__Problem to solve__
All records must be quoted exactly. Omit the pictures.

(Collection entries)
::::::::
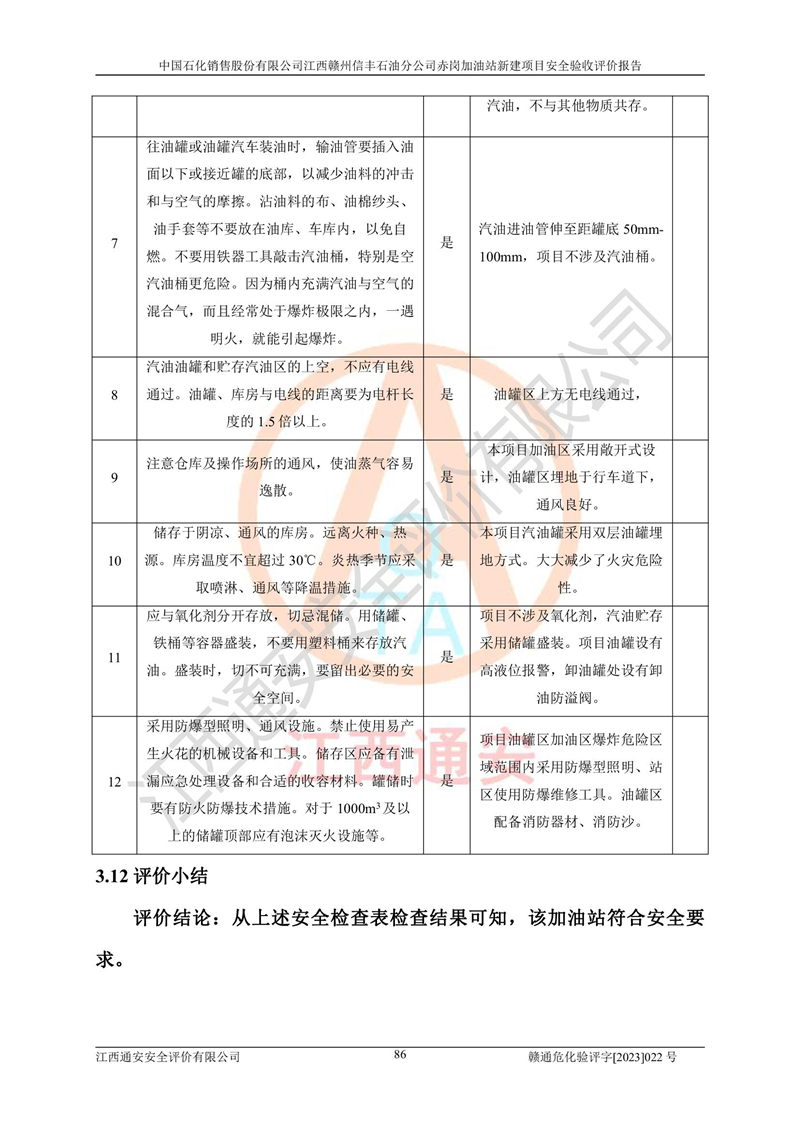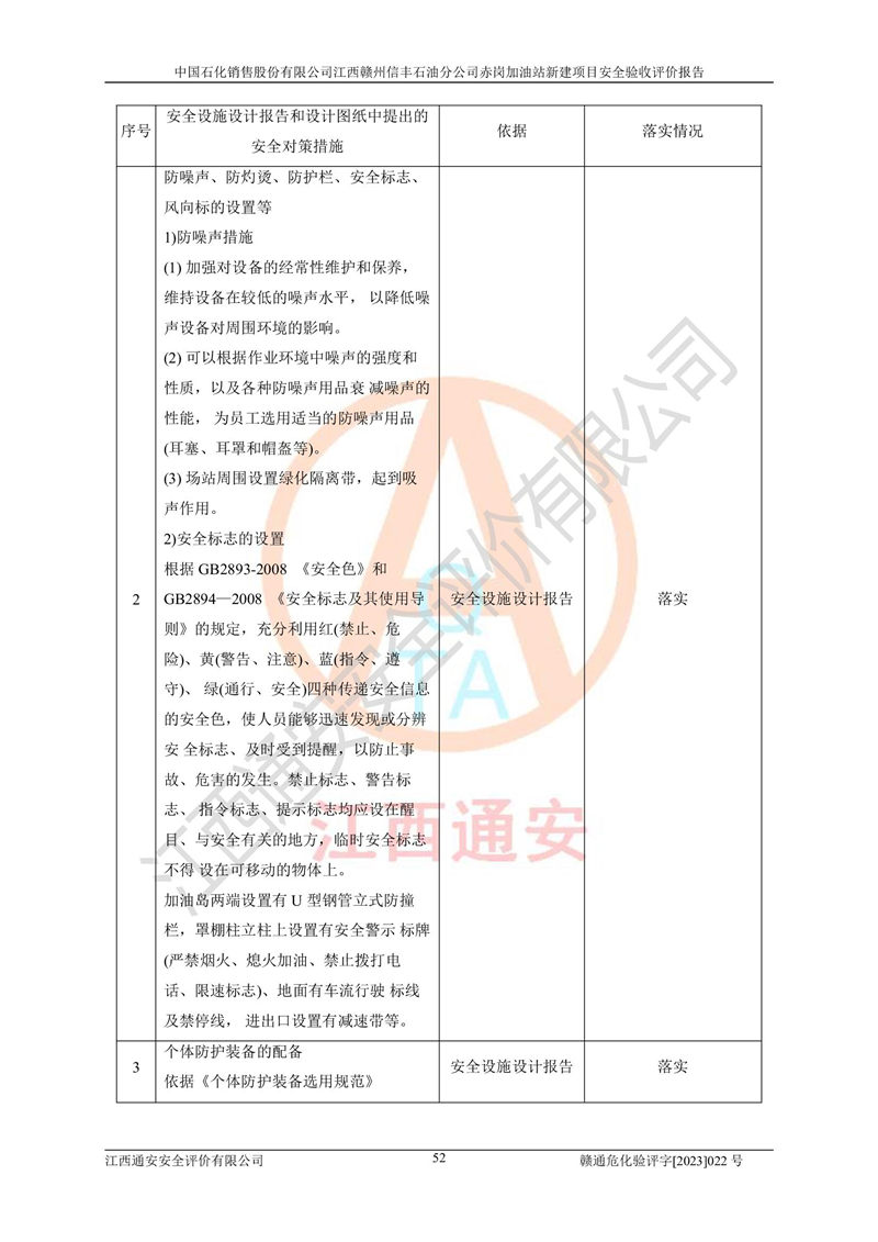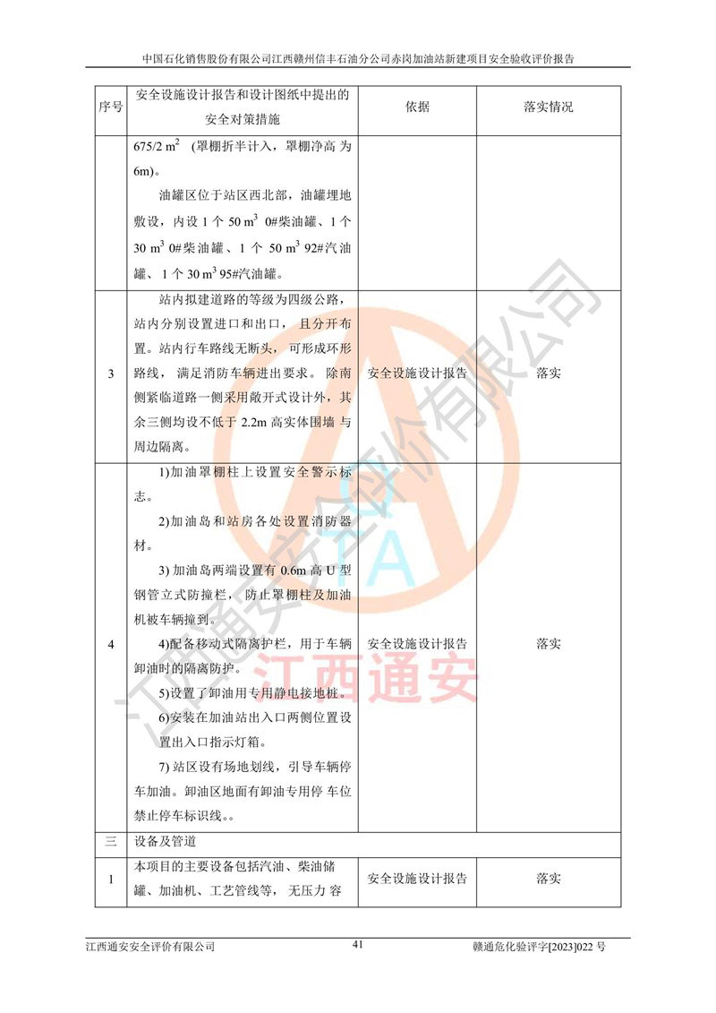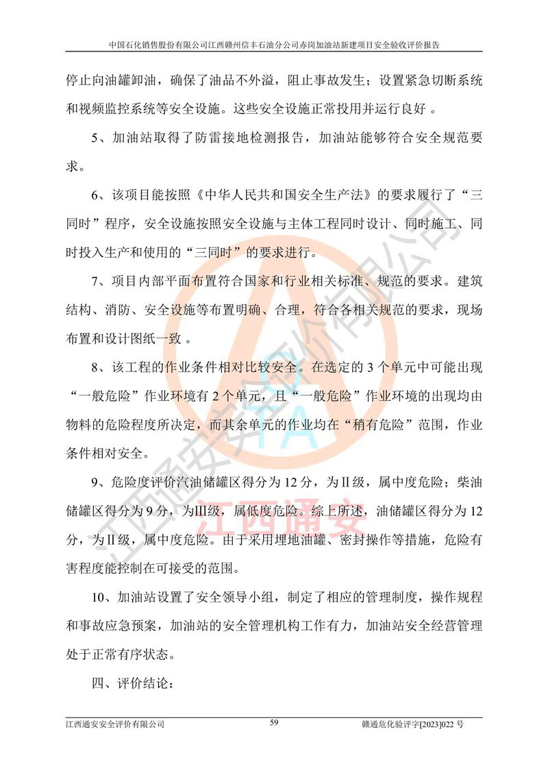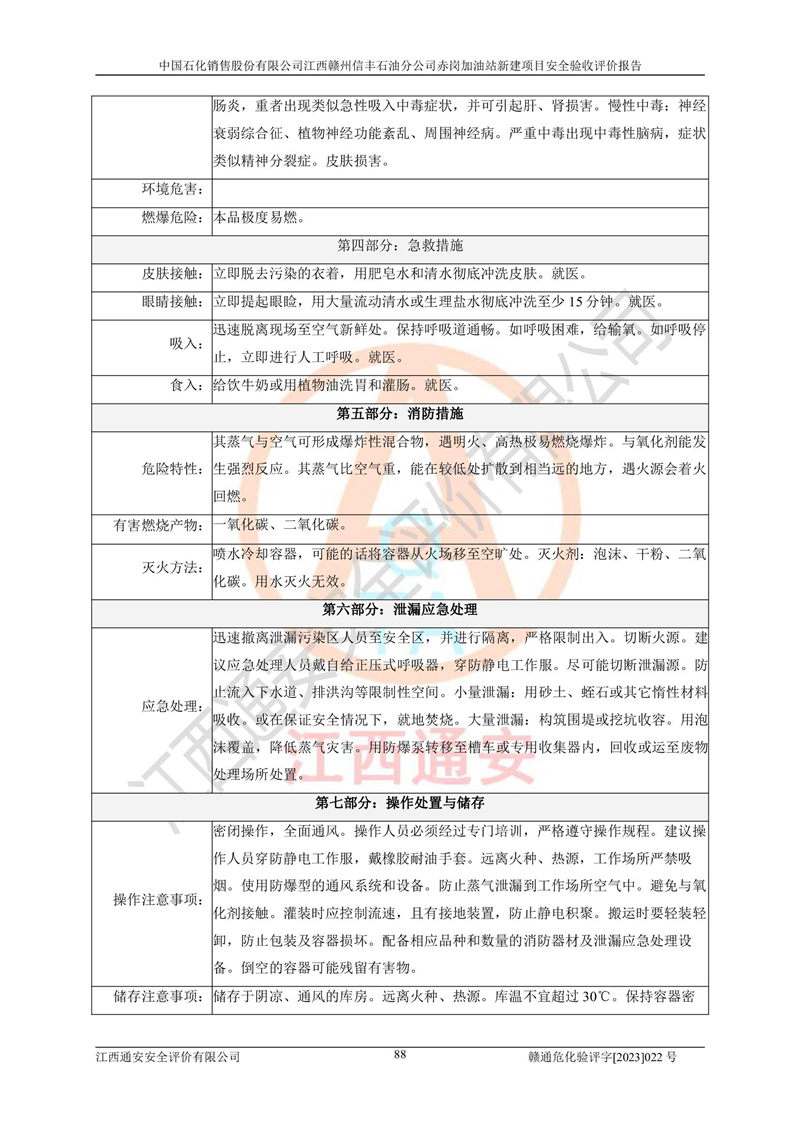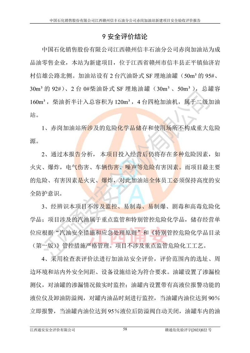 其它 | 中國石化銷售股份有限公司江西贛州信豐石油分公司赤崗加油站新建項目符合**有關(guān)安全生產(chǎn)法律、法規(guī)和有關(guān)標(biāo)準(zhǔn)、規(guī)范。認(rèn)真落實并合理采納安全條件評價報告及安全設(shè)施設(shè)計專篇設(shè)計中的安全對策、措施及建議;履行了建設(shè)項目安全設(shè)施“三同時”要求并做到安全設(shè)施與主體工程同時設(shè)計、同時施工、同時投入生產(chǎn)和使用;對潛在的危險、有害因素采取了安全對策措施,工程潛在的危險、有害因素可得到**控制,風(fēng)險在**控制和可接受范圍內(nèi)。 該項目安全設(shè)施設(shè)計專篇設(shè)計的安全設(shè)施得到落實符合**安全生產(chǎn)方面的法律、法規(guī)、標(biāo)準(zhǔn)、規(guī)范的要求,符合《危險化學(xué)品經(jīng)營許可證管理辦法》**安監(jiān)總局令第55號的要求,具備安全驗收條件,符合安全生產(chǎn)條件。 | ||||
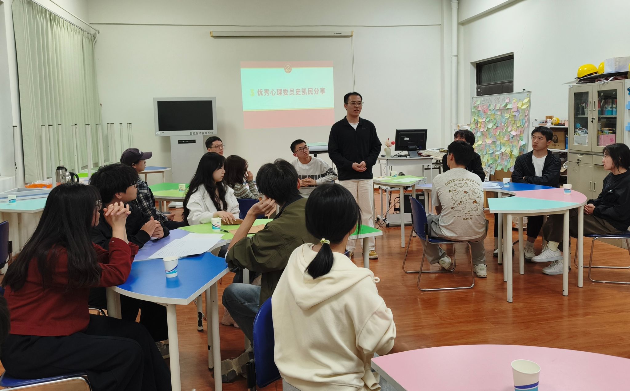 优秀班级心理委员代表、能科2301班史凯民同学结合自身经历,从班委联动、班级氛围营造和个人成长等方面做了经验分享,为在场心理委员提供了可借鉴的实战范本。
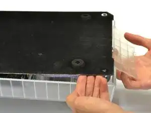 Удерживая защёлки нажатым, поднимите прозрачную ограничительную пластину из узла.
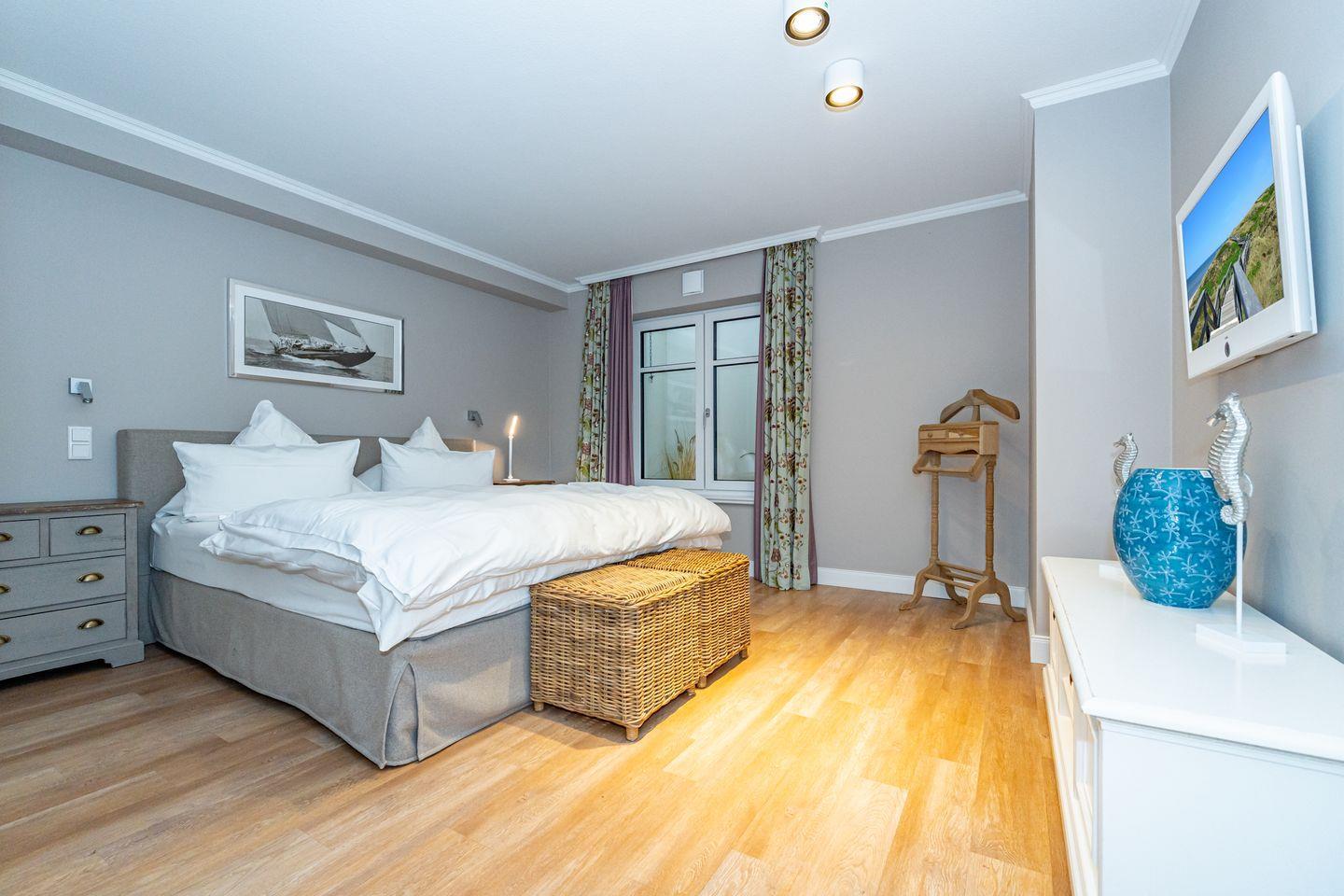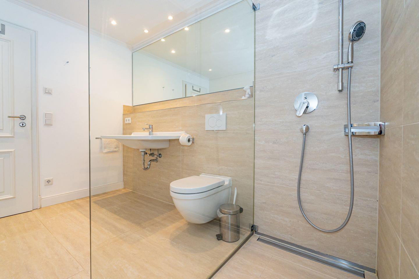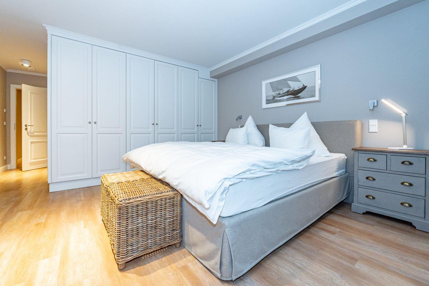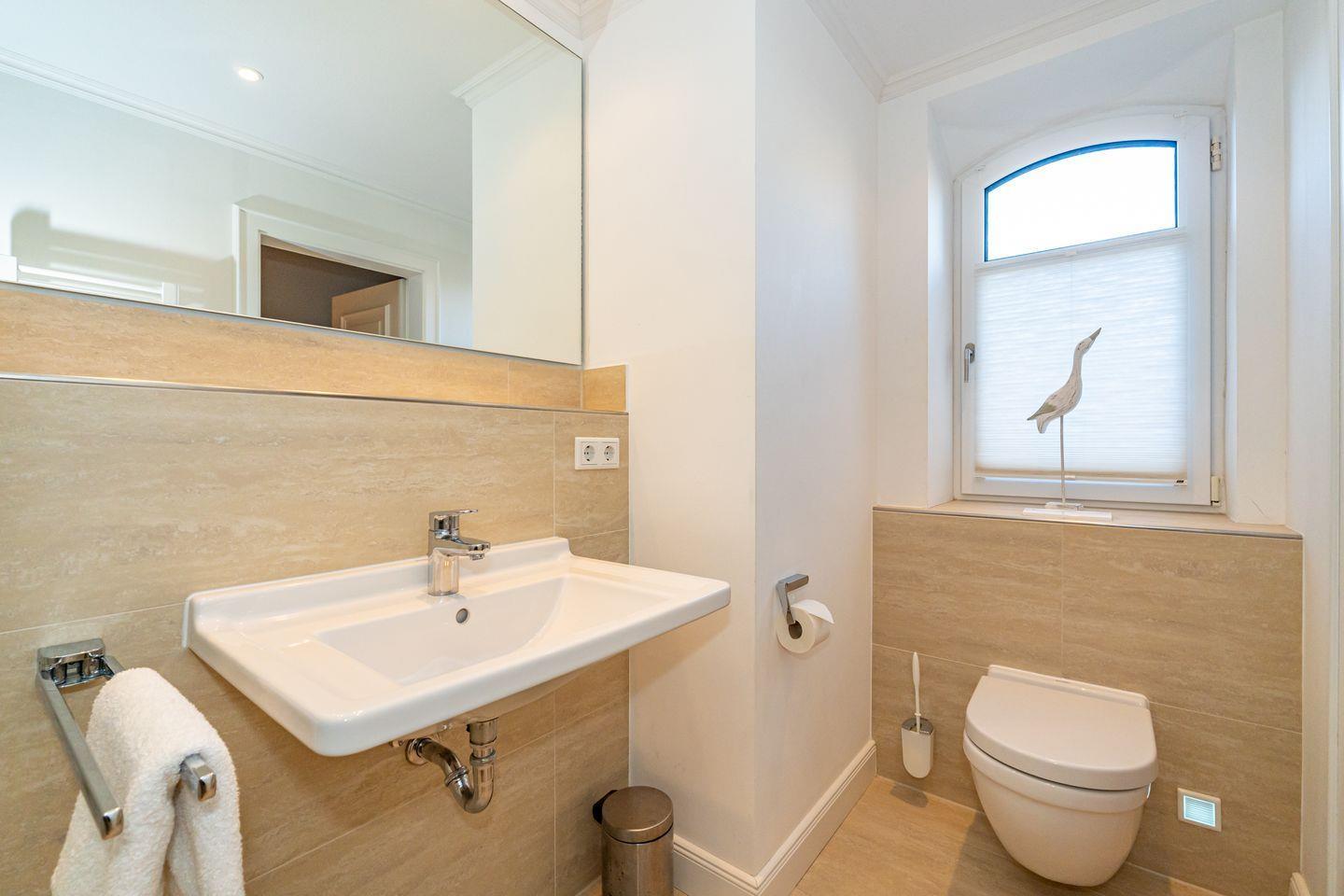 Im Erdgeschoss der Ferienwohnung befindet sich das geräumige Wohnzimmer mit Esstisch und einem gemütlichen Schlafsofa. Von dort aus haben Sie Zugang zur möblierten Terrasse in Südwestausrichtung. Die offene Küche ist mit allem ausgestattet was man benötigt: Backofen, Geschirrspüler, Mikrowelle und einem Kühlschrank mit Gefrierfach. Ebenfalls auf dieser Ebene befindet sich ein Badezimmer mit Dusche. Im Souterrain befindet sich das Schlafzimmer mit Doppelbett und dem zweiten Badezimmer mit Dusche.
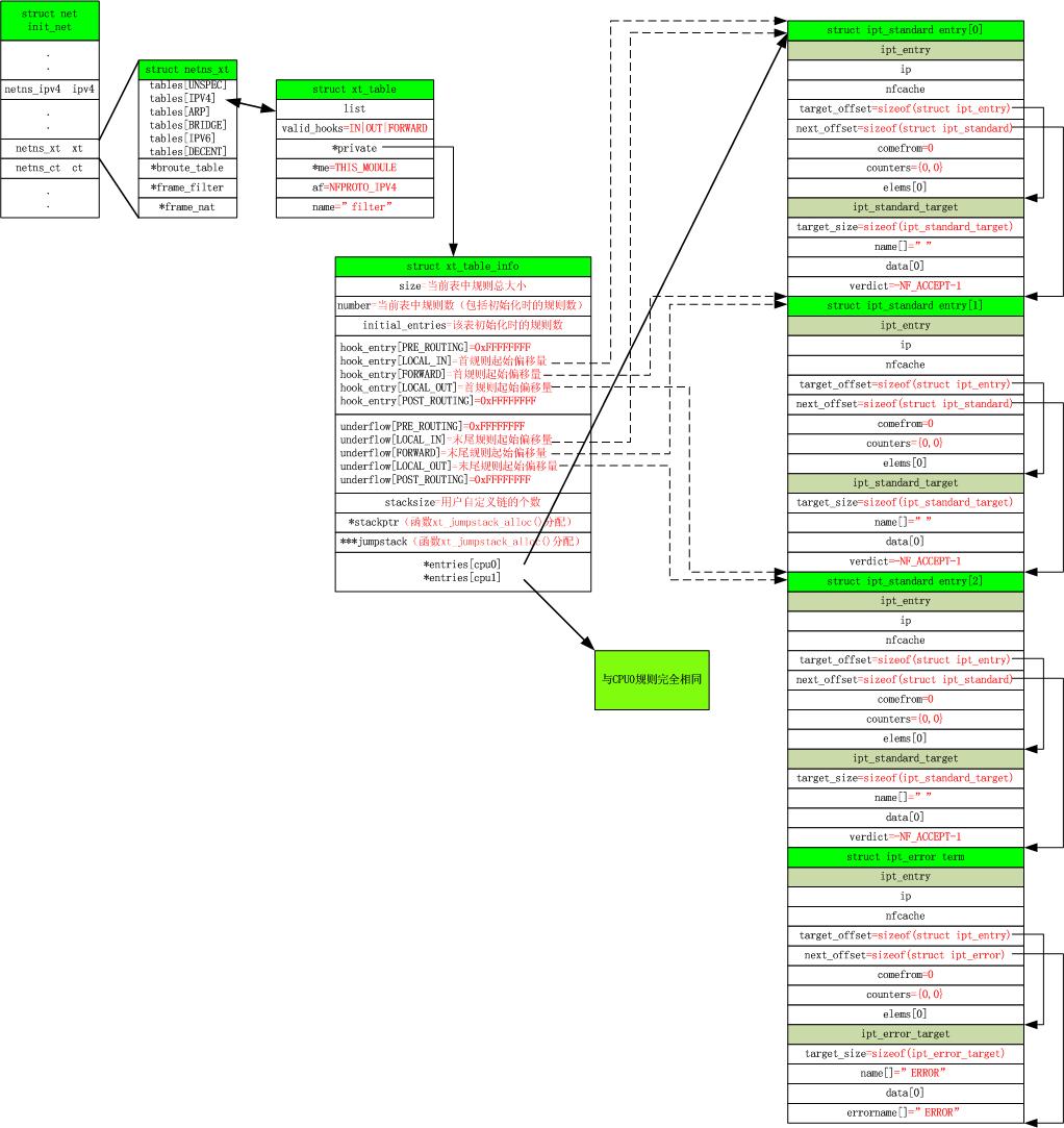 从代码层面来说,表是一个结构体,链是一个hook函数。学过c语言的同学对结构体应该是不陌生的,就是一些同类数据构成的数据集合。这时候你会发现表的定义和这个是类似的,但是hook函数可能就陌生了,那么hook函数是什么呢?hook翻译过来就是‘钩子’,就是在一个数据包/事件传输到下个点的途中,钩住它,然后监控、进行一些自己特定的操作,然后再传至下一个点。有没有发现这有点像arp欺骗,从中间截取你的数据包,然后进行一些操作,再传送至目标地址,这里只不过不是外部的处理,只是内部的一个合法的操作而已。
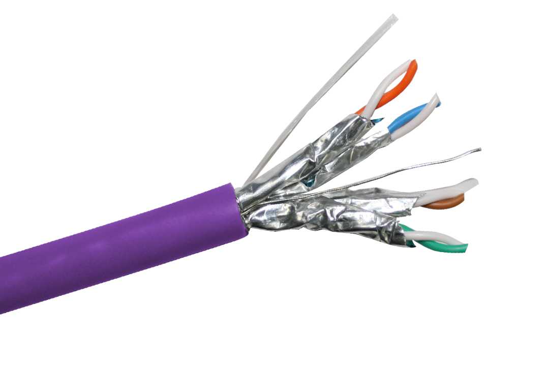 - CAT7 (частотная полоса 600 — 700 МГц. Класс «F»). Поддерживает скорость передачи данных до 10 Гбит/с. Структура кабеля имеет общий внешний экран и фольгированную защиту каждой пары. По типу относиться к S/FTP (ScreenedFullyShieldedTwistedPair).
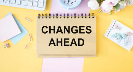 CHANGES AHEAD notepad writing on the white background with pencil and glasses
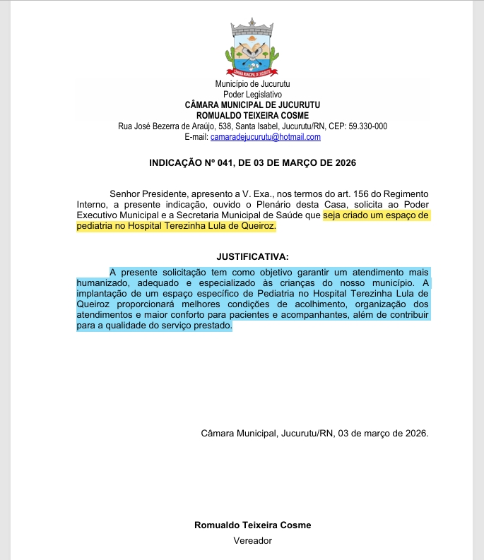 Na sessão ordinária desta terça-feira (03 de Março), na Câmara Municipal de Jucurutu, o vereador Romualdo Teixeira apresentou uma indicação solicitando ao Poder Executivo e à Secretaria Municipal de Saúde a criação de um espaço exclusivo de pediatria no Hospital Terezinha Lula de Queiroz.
::::::::
__Exercise output__
 其它 | 中國石化銷售股份有限公司江西贛州信豐石油分公司赤崗加油站新建項目符合**有關(guān)安全生產(chǎn)法律、法規(guī)和有關(guān)標(biāo)準(zhǔn)、規(guī)范。認(rèn)真落實并合理采納安全條件評價報告及安全設(shè)施設(shè)計專篇設(shè)計中的安全對策、措施及建議;履行了建設(shè)項目安全設(shè)施“三同時”要求并做到安全設(shè)施與主體工程同時設(shè)計、同時施工、同時投入生產(chǎn)和使用;對潛在的危險、有害因素采取了安全對策措施,工程潛在的危險、有害因素可得到**控制,風(fēng)險在**控制和可接受范圍內(nèi)。 該項目安全設(shè)施設(shè)計專篇設(shè)計的安全設(shè)施得到落實符合**安全生產(chǎn)方面的法律、法規(guī)、標(biāo)準(zhǔn)、規(guī)范的要求,符合《危險化學(xué)品經(jīng)營許可證管理辦法》**安監(jiān)總局令第55號的要求,具備安全驗收條件,符合安全生產(chǎn)條件。 | ||||
 优秀班级心理委员代表、能科2301班史凯民同学结合自身经历,从班委联动、班级氛围营造和个人成长等方面做了经验分享,为在场心理委员提供了可借鉴的实战范本。
 Удерживая защёлки нажатым, поднимите прозрачную ограничительную пластину из узла.
 Im Erdgeschoss der Ferienwohnung befindet sich das geräumige Wohnzimmer mit Esstisch und einem gemütlichen Schlafsofa. Von dort aus haben Sie Zugang zur möblierten Terrasse in Südwestausrichtung. Die offene Küche ist mit allem ausgestattet was man benötigt: Backofen, Geschirrspüler, Mikrowelle und einem Kühlschrank mit Gefrierfach. Ebenfalls auf dieser Ebene befindet sich ein Badezimmer mit Dusche. Im Souterrain befindet sich das Schlafzimmer mit Doppelbett und dem zweiten Badezimmer mit Dusche.
 从代码层面来说,表是一个结构体,链是一个hook函数。学过c语言的同学对结构体应该是不陌生的,就是一些同类数据构成的数据集合。这时候你会发现表的定义和这个是类似的,但是hook函数可能就陌生了,那么hook函数是什么呢?hook翻译过来就是‘钩子’,就是在一个数据包/事件传输到下个点的途中,钩住它,然后监控、进行一些自己特定的操作,然后再传至下一个点。有没有发现这有点像arp欺骗,从中间截取你的数据包,然后进行一些操作,再传送至目标地址,这里只不过不是外部的处理,只是内部的一个合法的操作而已。
 - CAT7 (частотная полоса 600 — 700 МГц. Класс «F»). Поддерживает скорость передачи данных до 10 Гбит/с. Структура кабеля имеет общий внешний экран и фольгированную защиту каждой пары. По типу относиться к S/FTP (ScreenedFullyShieldedTwistedPair).
 CHANGES AHEAD notepad writing on the white background with pencil and glasses
 Na sessão ordinária desta terça-feira (03 de Março), na Câmara Municipal de Jucurutu, o vereador Romualdo Teixeira apresentou uma indicação solicitando ao Poder Executivo e à Secretaria Municipal de Saúde a criação de um espaço exclusivo de pediatria no Hospital Terezinha Lula de Queiroz.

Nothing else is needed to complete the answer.